In a joint letter to the Law Society, the National Cyber Security Centre (NCSC) and the Information Commissioner's Office are warning solicitors who may have been advising their clients to pay.
It follows earlier this year cyber security experts from the UK, US, and Australia warning of a "growing wave of increasingly sophisticated ransomware attacks" which could have "devastating consequences".
The joint letter states that while ransomware payments are "not unusually unlawful" those who pay them "should be mindful of how relevant sanctions regimes (particularly those related to Russia)" when considering making the payment.
The US sanctioned in December 2019 any financial dealings with a Russian cyber crime group that was accused of working with with Russian intelligence to steal classified government documents.
Despite the spillover from the Russian war in Ukraine - in one case knocking 5,800 wind turbines in Germany offline - the NCSC says it has not detected any increase in hostile activity targeting Britain during the conflict.
Businesses however had been warned that there is a heightened threat level when it comes to cyber attacks due to the conflict which is likely to be here "for the long-haul".
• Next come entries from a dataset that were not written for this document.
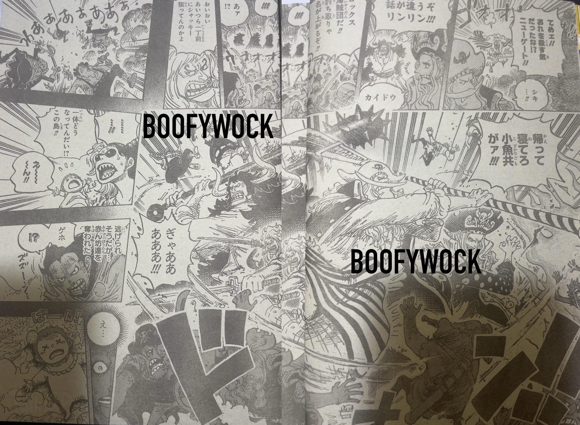 而在一張非常壯觀的跨頁裏,出現了白鬍子、玲玲、凱多、金獅子4人!他們在對付叛變洛克斯海賊團的海賊們!所以他們不得不聯手來對付這羣雜魚,這也是少有的4位頂級強者聯手的畫面,其中2位傳說大海賊,3位四皇。
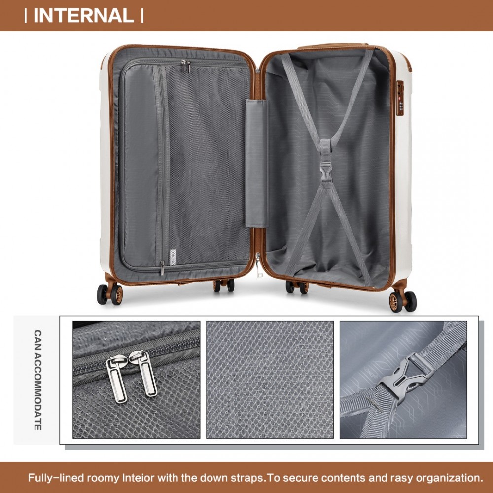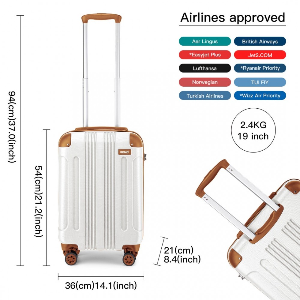 K1777-1L - Kono 19 Zoll ABS Leichtes Gewicht Kompakt Hartschale Kabinen-Koffer Reise-Handgepäck - Creme
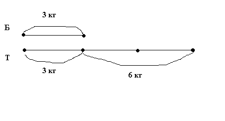 Тузик тяжелее Барсика на 6 кг и в 3 раза, значит 6 кг это две части из трех. Значит Барсик весит 3 кг. Схему прилагаю. В ней все видно.
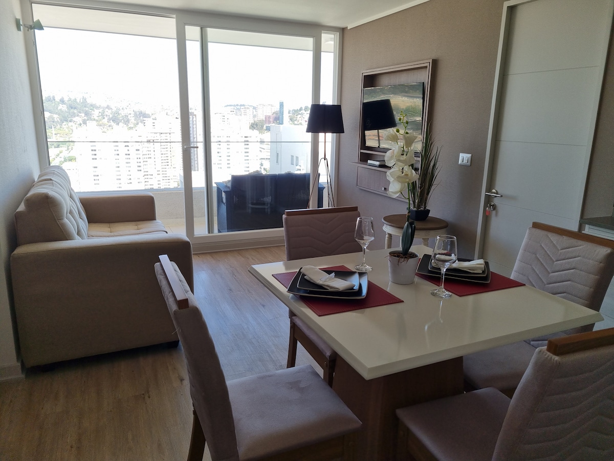 Welcome to "Oasis Costero" A new, fully equipped apartment on the waterfront with an ocean view in Concón. - Outdoor pool available between November and March. - Private parking. - Spacious terrace with ocean view equipped with an electric grill. - Includes bed linens and towels. - WiFi, and a Smart TV. - Fully equipped kitchen. - Safe and quiet area. - Just steps away from Beaches, Restaurants and Bike Paths.
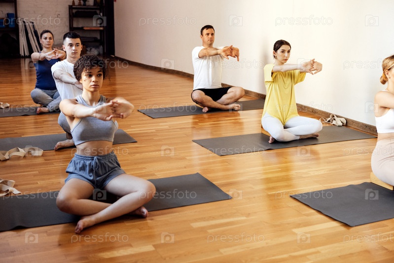 Спортивные люди разных возрастов и рас занимаются асанами йоги с тренером. Молодые многонациональные спортивные женщины и мужчины сидят, скрестив ноги, на ковриках, смотрят на тренера и растягиваются в тренажерном зале
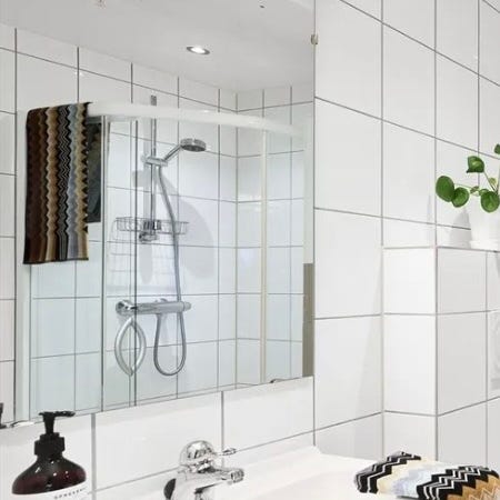 Speil med rektangulær form. Brukt på bad, men kan brukes på rom eller i gang. Må hentes. Noen få bruksmerker
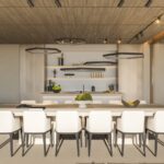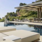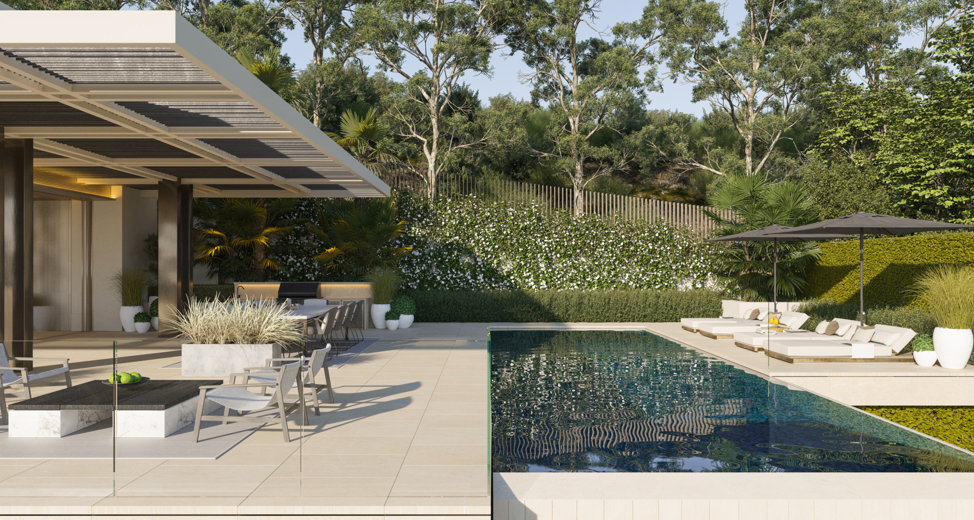 The main living floor is the epitome of modern Mediterranean living. An expansive open-plan kitchen, dining, and lounge area extends onto a large terrace, ideal for entertaining. Whether you're hosting under the stars or enjoying a quiet family evening, the space is complete with multiple lounging areas, a BBQ, an al fresco dining table, and a striking 47-square-metre pool that becomes the centrepiece of outdoor life. This level also includes a guest suite with ensuite, a guest WC, a secondary prep kitchen, and a utility room to ensure effortless day-to-day living.

NCSC's chief executive, Lindy Cameron, said: "Ransomware remains the biggest online threat to the UK and we do not encourage or condone paying ransom demands to criminal organisations.
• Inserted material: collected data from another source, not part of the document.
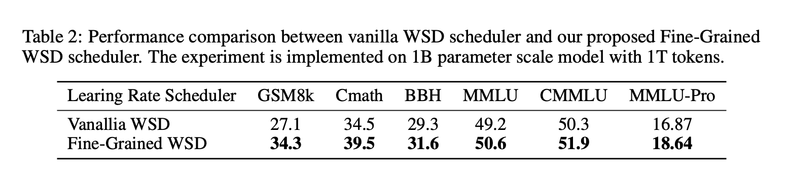 - Pretraining gains are tied to data curriculum, not just more tokens. Fine-Grained WSD schedules higher quality mixtures later, and the 1B ablation shows GSM8K moving from 27.1 to 34.3 versus vanilla scheduling.
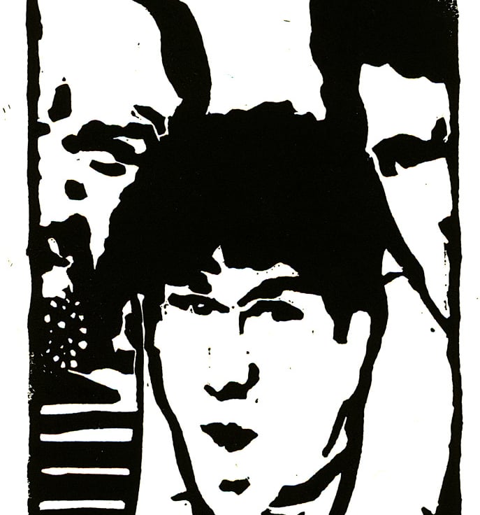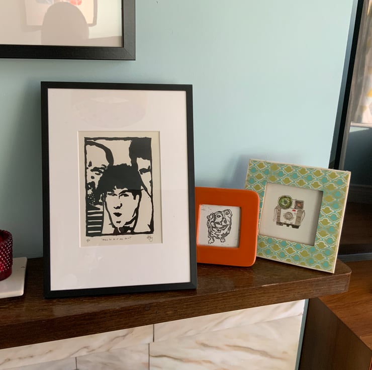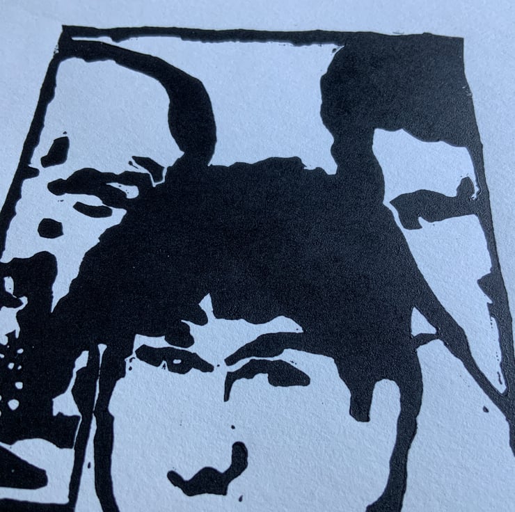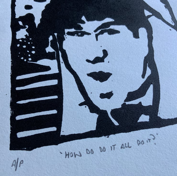 A lino print of the three fellas from the Do It All advert. It is A5 in size, and is printed on ivory-white 80gsm Japanese Simili paper using non-toxic ink.
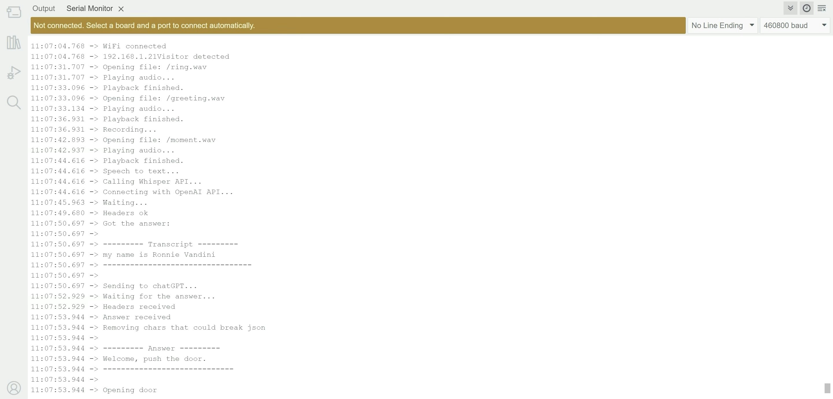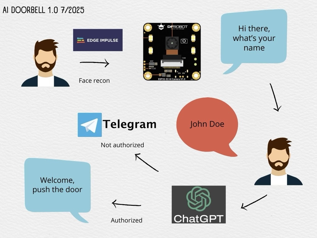 - The transcription is sent to ChatGPT, which decides whether to open the door (via relay) or notify remotely via Telegram.

"Unfortunately we have seen a recent rise in payments to ransomware criminals and the legal sector has a vital role to play in helping reverse that trend.
"Cyber security is a collective effort and we urge the legal sector to work with us as we continue our efforts to fight ransomware and keep the UK safe online."
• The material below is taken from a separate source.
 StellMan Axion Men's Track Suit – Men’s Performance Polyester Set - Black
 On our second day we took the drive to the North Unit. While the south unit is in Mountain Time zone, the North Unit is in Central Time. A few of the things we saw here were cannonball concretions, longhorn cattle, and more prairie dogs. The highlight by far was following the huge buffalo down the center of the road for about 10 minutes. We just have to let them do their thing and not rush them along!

Ms Cameron previously warned that the challenge ransomware gangs posed to law enforcement was "acute" as "the criminals responsible often operate beyond our borders, are increasingly successful in their endeavours".
"We expect ransomware will continue to be an attractive route for criminals as long as organisations remain vulnerable and continue to pay," she said at the time.
While there have been arguments made for criminalising the payment of ransoms, it poses a number of additional risks such as providing the criminals with an additional factor they could use to extort their victims.
John Edwards, the Information Commissioner, added: "Engaging with cyber criminals and paying ransoms only incentivises other criminals and will not guarantee that compromised files are released.
"It certainly does not reduce the scale or type of enforcement action from the ICO or the risk to individuals affected by an attack," he added, responding to suggestions that some solicitors have told their clients that paying the criminals would be seen as a move to protect users' data.
"We've seen cyber crime costing UK firms billions over the last five years," the commissioner stated.
"The response to that must be vigilance, good cyber hygiene, including keeping appropriate back up files, and proper staff training to identify and stop attacks
"Organisations will get more credit from those arrangements than by paying off the criminals.
"I want to work with the legal profession and NCSC to ensure that companies understand how we will consider cases and how they can take practical steps to safeguard themselves in a way that we will recognise in our response should the worst happen."